Não se pode negar a relevância do elemento guerra na proposição do conceito do político, o que por outro lado, não implica em uma defesa propriamente dita da eventualidade da guerra, já que fica claro que a guerra não é o fundamento nem o objetivo da política. Além disso a guerra não se insere na demarcação dos elementos amigo/inimigo, nem tampouco é conteúdo da política, mas sim, a guerra é possibilidade da política.

Estabelecer o conceito do político como um grau máximo de intensidade do político, embora seja a grande inovação da teoria Schmittiana, pode também representar um perigo. Uma vez que o inimigo se encontra destituído de quaisquer substâncias, existe então um vazio lançado que deverá ser preenchido. Nesse sentido, se o lugar que ocupa o inimigo está vazio, ele pode ser preenchido por qualquer elemento. E é o soberano, no bojo de sua unidade política, que dispõe da prerrogativa para decidir acerca do inimigo, é pois, o soberano quem desvela os grupos aos quais devem ser combatidos.

A decisão referente ao preenchimento do lugar do inimigo é, o que em alguma medida, parece ser arbitrário em Schmitt, pois torna a decisão perigosa, uma vez que não há um fundamento pela qual tal decisão deve se respaldar. Em certo sentido, o lugar da decisão é incompreensivo às percepções humanas, o que pode culminar no aparecimento do autoritarismo.

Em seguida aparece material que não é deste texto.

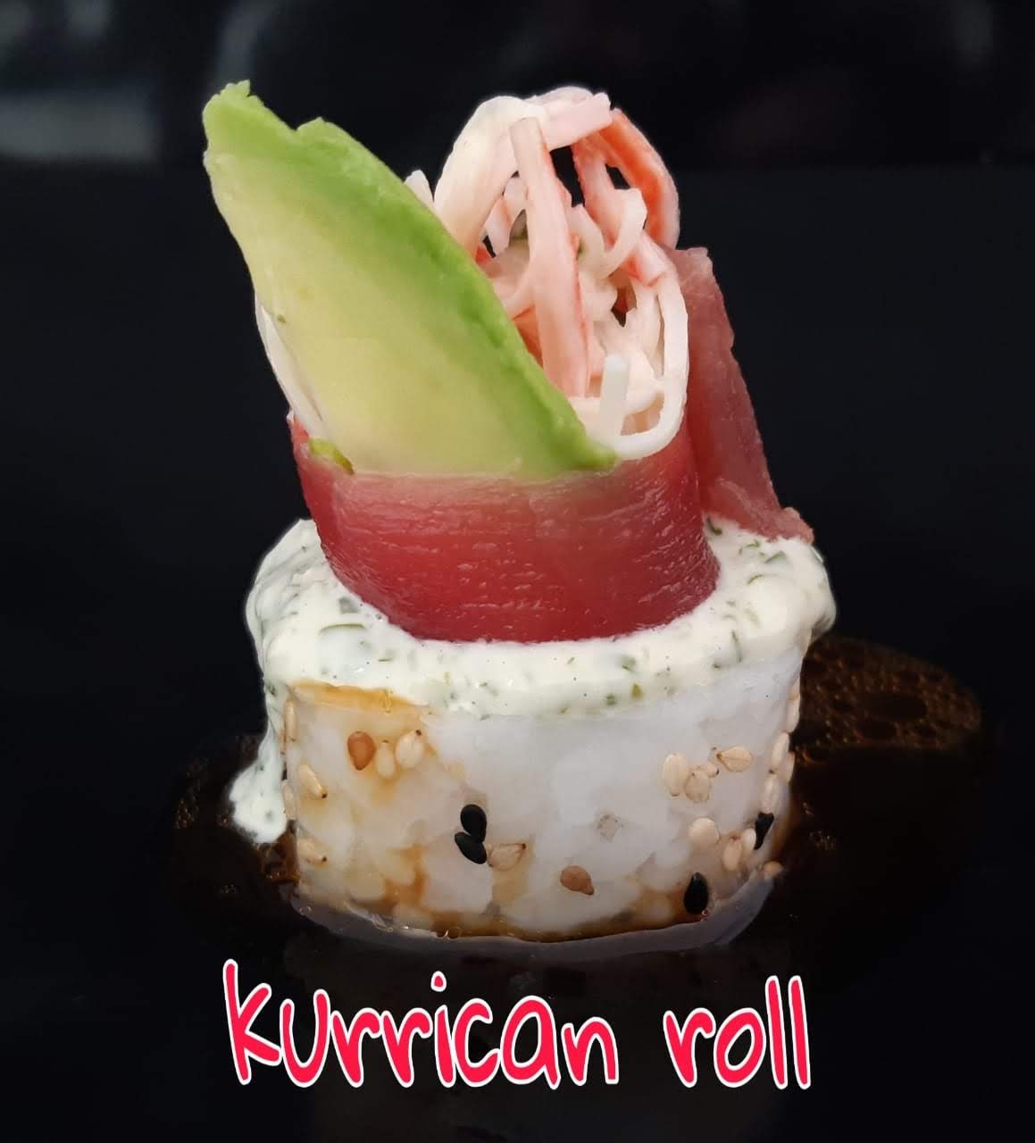 Camarón, aguacate y pepino cubierto en papel de arroz con topping de kurrican bañado en aderezo cilantro y salsa serranito. 405 g.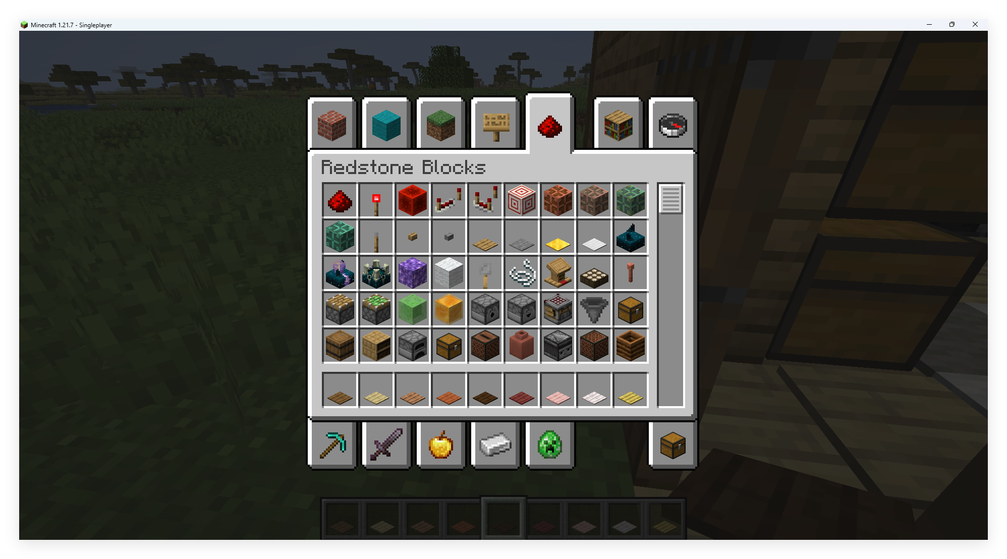 In creative inventory,there are only the oak,stone,light,heavy pressure plate in redstone blocks without spruce,birch,jungle,acacia,dark oak etc.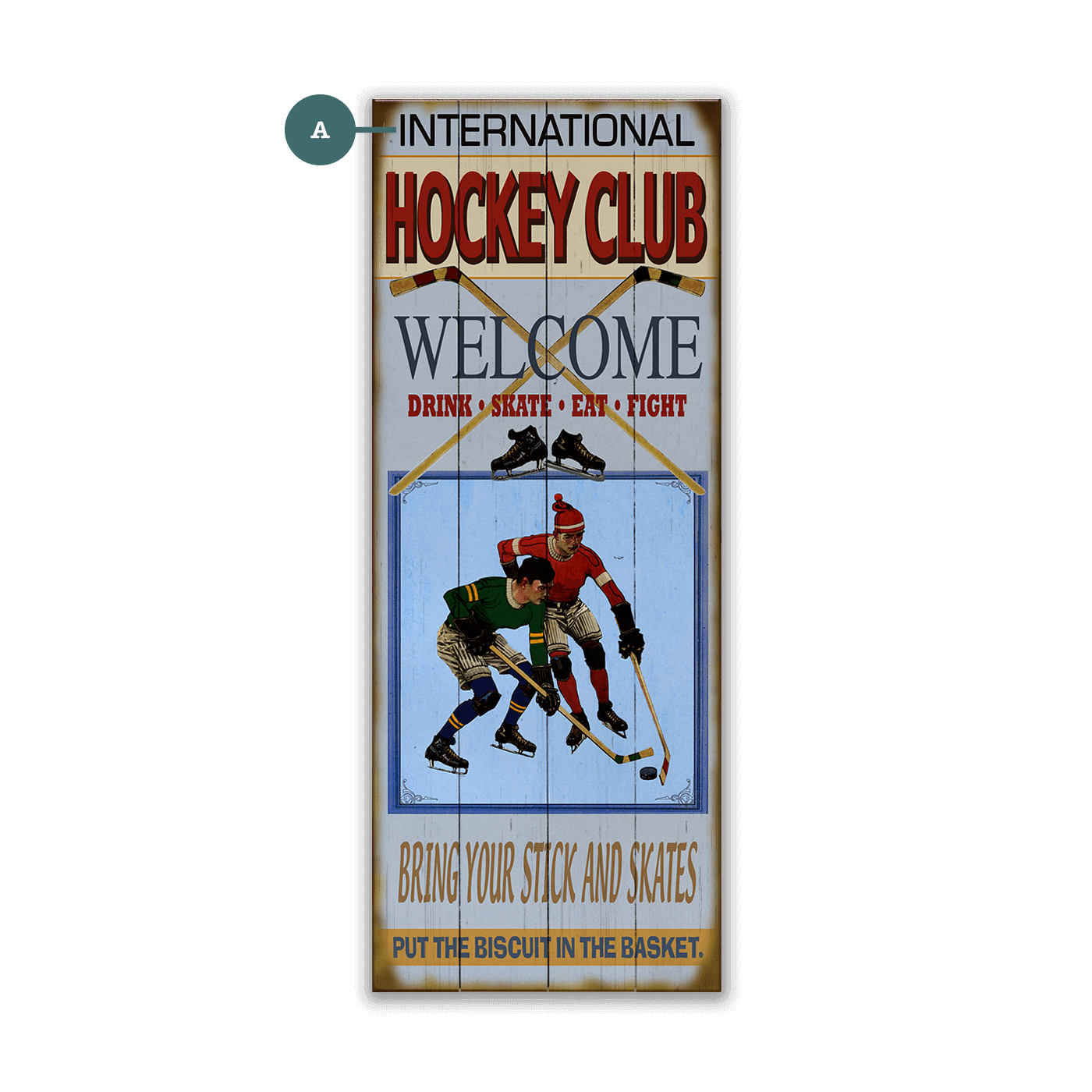 Discover the charm of vintage sports with this Hockey Club artwork. This retro-inspired piece features two classic hockey players in action, evoking a sense of nostalgia and excitement. The vibrant colors and detailed design make it a perfect addition to any sports enthusiast's collection. Whether you're a hockey fan or an art lover, this sign is sure to bring a touch of history and fun to your space. Embrace the spirit of the game with this unique and timeless decoration.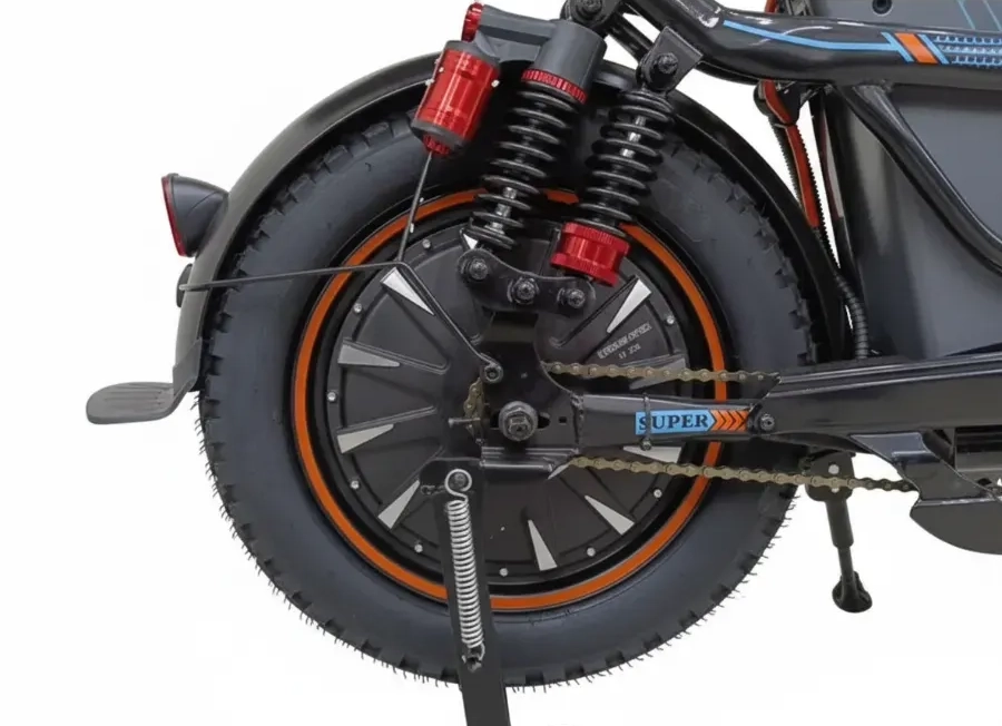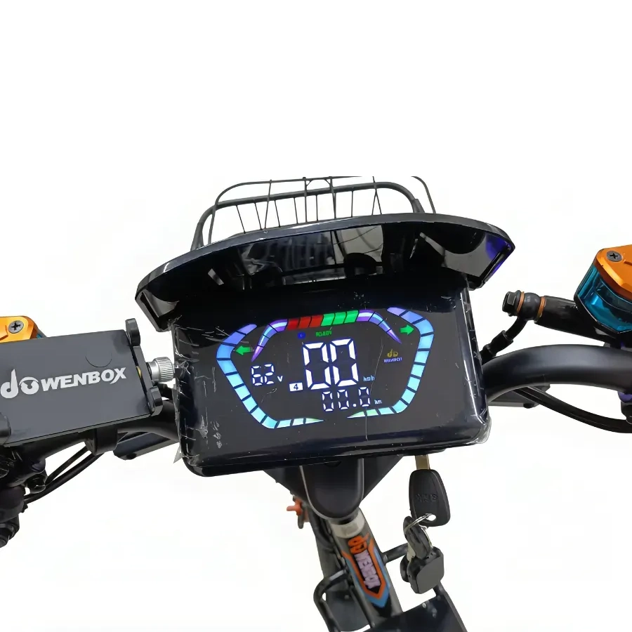 Второй — увеличенная емкость аккумулятора 60V30A, которая дает запас хода до 60 км. Вы получаете свободу передвижения на весь день без необходимости искать розетку.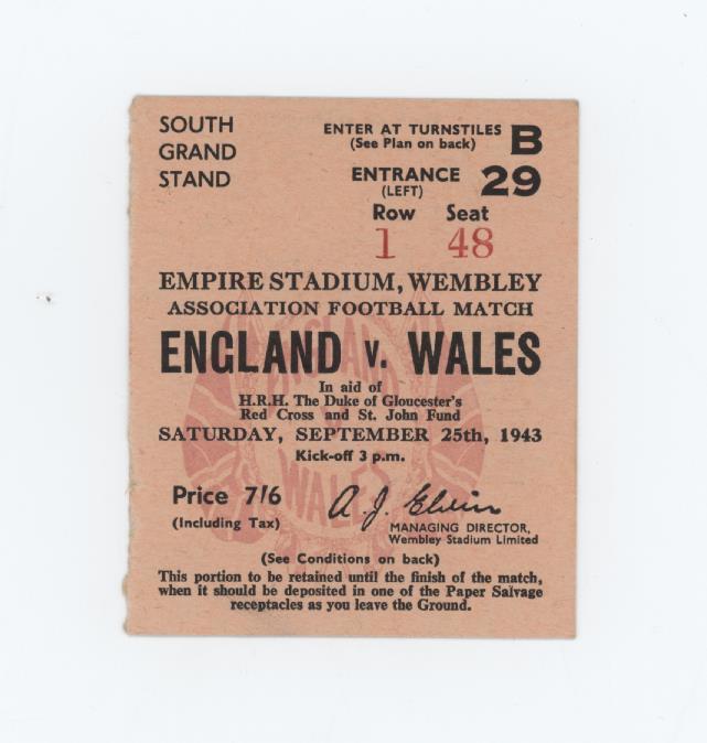ENGLAND V WALES 1943 FOOTBALL TICKET

Há presente na obra de Schmitt a crítica à teoria liberal, cujo panorama e princípios tinham na mira a retirada da natureza autônoma do Estado, de certo modo despolitizando-o, já que despreza sua unidade política. Ao promover uma padronização entre sistema estatal e demais sistemas sociais, regula-se o controle estatal em face das contradições oriundas das instituições sociais (econômicas, religiosas, sindicatos, associações).

Em remate, o pensar de Carl Schmitt conceitua de modo límpido e conciso a natureza autônoma e soberana, bem como o âmago do político, por meio de reflexão crítica às condutas oriundas do pensamento liberal. A problemática pronunciada no Conceito do Político, igualmente se apresenta nos dias de hoje.